A small cave with a walking path inside has many small statues and caverns.  
 Entrance fees: 300 yen

Opening hours: 8:00-17:30 ( closes 17:00 between October – February)

Tsurugaoka Hachimangu shrine has for long been regarded as a symbol of Kamakura. It is probably the most important of the 19 Shinto shrines in Kamakura and is considered amongs some of the important Shinto Shrines in Japan. The shrine has been designated an Important Cultural Property.
 The shrine is located right in the centre of the city and the area all around is busy and crowded. The shrine was originally built in 1063 at a different location, but moved to its current location in 1191. The current shrine was rebuilt in 1828.  At one time the shrine was also a Buddhist temple, till the Shinto and Buddhism Separation order was passed in 1868.  
 “Mai-den” -A small hall in the centre of the shrine grounds is the stage for dances and music. It is also the venue of Shinto ceremonies, especially weddings. During our visit, a traditional wedding ceremony was underway.

 A fleet of stairs leads to the main hall.
Important temple treasures are on display at the Kamakura National Treasure House Museum, right next to the main hall. Museum entrance is charged.

 Old wooden portable shrines “Mikoshi” are on display next to the museum.

Some more pictures from the Tsurugaoka Hachimangu Shrine

Entrance: Free

Opening Hours: 07:00- 21:00 hrs.

Kamakura is one of the few cities in Japan, where the hand pulled rickshaw, known as “Jinrikisha” still exists, offering joyrides to visitors. 
Most often the rickshaw puller also acts as a guide to the local attractions and not surprisingly they sometimes speak fluent English.

Wakamiya-oji dori, Kamakura’s main street is a good place for a walk and have a feel of the city. It is marked with three big Toriis and leads from the centre of the city to the sea. This walk is said to be exceptionally beautiful during the cherry blossom season.
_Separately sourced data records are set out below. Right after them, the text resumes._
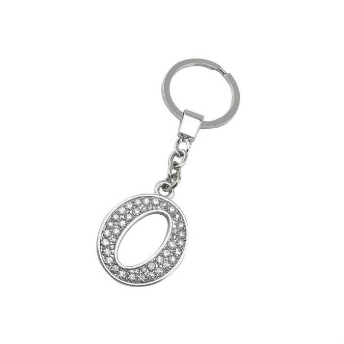 The highlighted keychain comes in a unique “O” shaped design. It has a large silver toned “O” ornament and is paved with gemstones on the letter. This keychain is easy to attach to bags or keys and can keep keys organized.
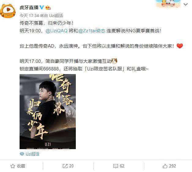不过话说回来,你们是不是也期待Uzi的退役首播呢?第一次Uzi以退役选手的角度去评价前任队友,还是很值得我们看的,所以记得第一时间去观看。
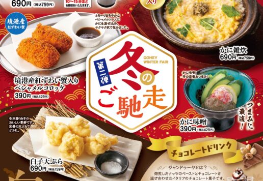「冬のご馳走」第二弾を1 月21 日(水)より期間限定で開催いたします。 冬の贅沢な味わい「ずわい蟹」を釜めしや、雑炊、かに味噌などバラエティ豊かな美味しさで揃えました。 また、まろやかなベシャメルソースに混ぜこんだ「...
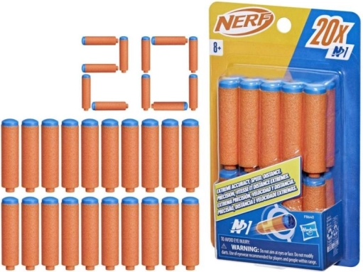 Nerf reservepijlen N-Series, 20 stuks. Kwalitatieve schuimpijlen voor betrouwbare prestaties en veilig speelplezier. Ideaal om je voorraad aan te vullen voor je Nerf-gevechten.
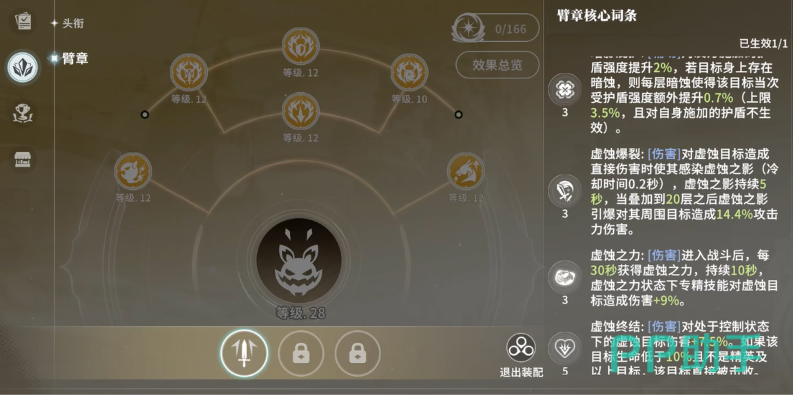 臂章等级达成之后,大家就可以自由选择探索技能。技能选择方面有伤害减免,如此一来就能够增加你的防御力,让你在塔塔或者刷副本时不至于被消灭得太快了。如果大家比较缺乏伤害的话,也可以选择增加侵蚀伤害的臂章效果。这样就可以对目标造成更高的伤害并引爆,造成范围性输出。

Kamakura’s beaches- especially Yuigahama, Inamuragasaki and Shichirigahama are popular and can be crowded in summer. Enoshima island which is about 10 kms from Kamakura is popular with surfers.
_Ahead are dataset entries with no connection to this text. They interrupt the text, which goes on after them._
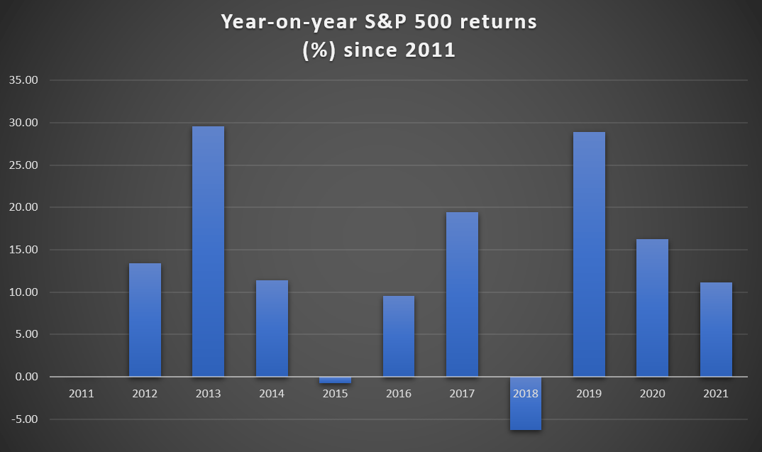 下图为2011-2020年的年回报率。请谨记,过往回报并不能保证未来的表现(数据来源:Macrotrends)。
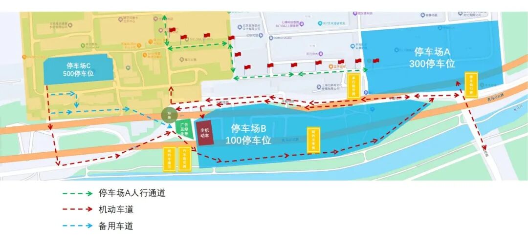为全力保障影迷出行,破解活动期间“停车难”问题,东坝地区全面统筹资源,深挖周边停车潜力,协调北京市公联公路联络线有限责任公司、郎园Station、七棵树创意园,共计开放1100个停车位,具体分布如下:
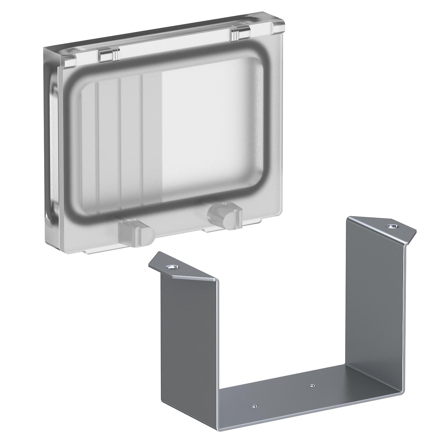 Opis proizvodaPoklopac i lučni nosač za ugradnju zaštitnih sistema, kao što su sigurnosni automati ili FI-osigurači do maks. 4 TE.
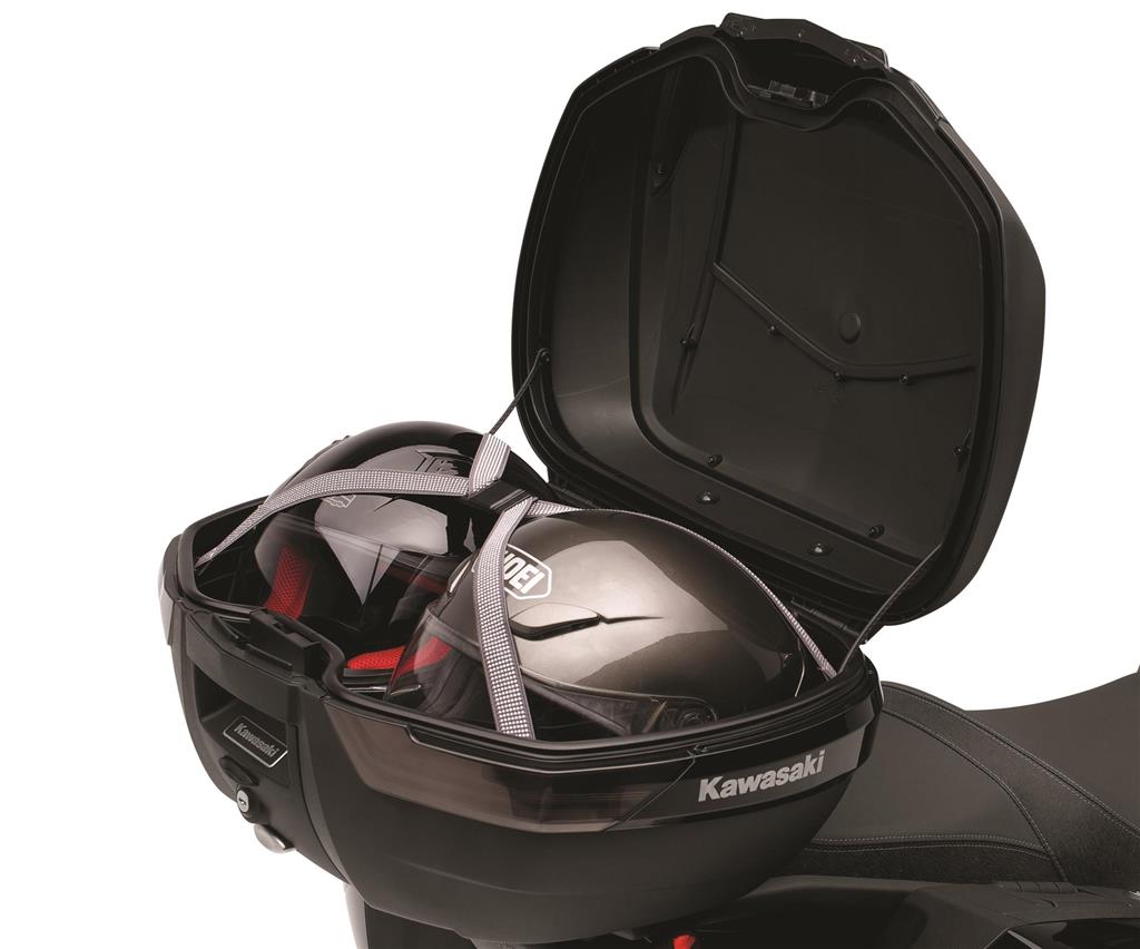 Top case providing a spacious 47 litres of storage space. Will fit two of most full face helmets. Matching cover in bike color to be ordered separately, as well as the anodized aluminium deco plate. Bracket has lateral movement damping mechanism for improved reliablity.

Kamakura is popular for the Hydrangea blooms which add to the beauty of the city, in early June. 

Many people from all over Japan visit Kamakura during this time and it could be crowded on weekends. 
Avoid visiting in peak summer when the scorching heat can be a turnoff. We visited Kamakura in July 2010 and it was hot and humid. We spent almost 6-7 hours in Kamakura and visited some of the important sites.
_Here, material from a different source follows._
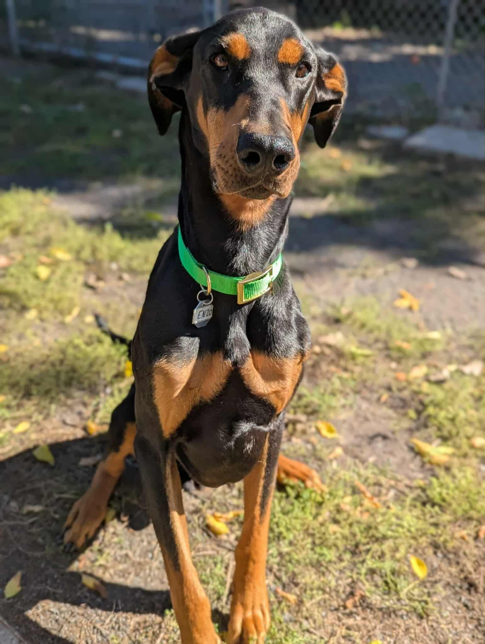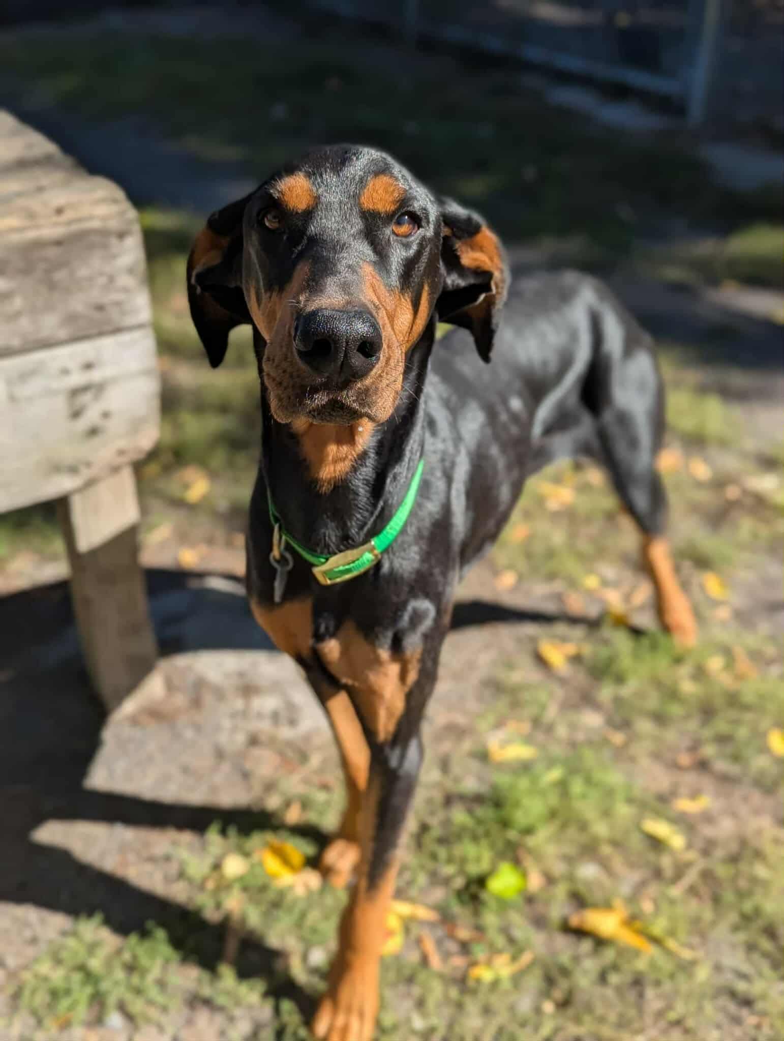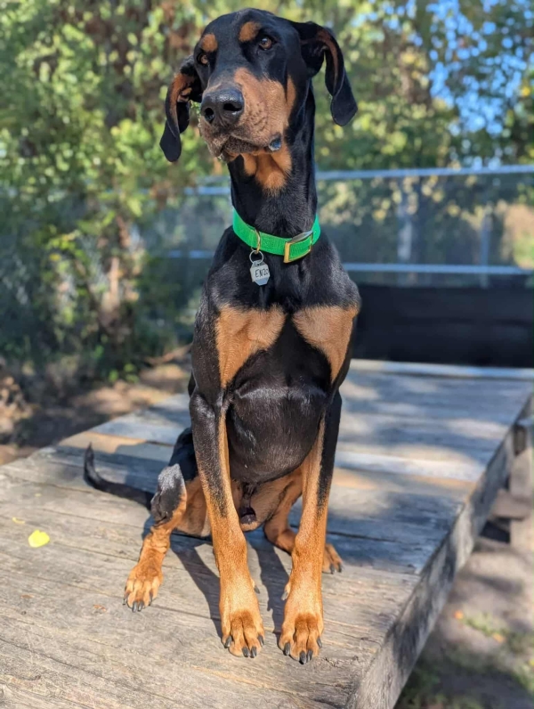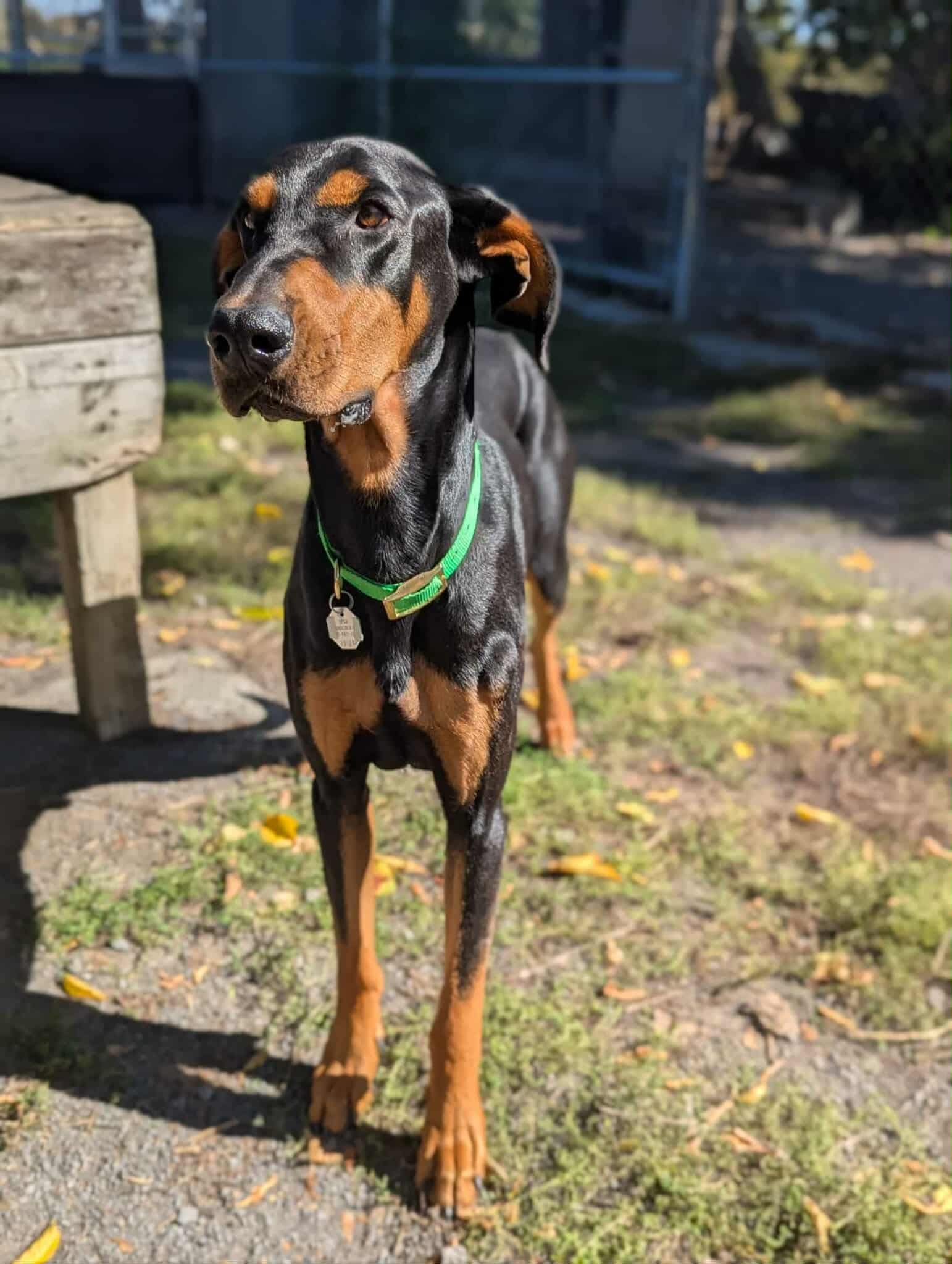 Un ravissant mâle de type Doberman âgé de 5 ans et pesant 75 lbs.

A tour of Kamakura needs a leisurely day, a short visit of a few hours is not enough to cover this beautiful town.  The best way to cover the town is to explore it on your own. It is practically impossible to cover all the places in Kamakura city unless you stay here for a few days. Best way would be to identify the spots that you would like to visit and chalk out a itinerary that best suits your schedule. It is possible to walk around from Kamakura station to the various attractions, but could be tedious since it could take about 20-30 mins to walk between the various attractions. Rental bicycles are also available at various spots. Car parking can be expensive, especially at parking areas close to the main attractions.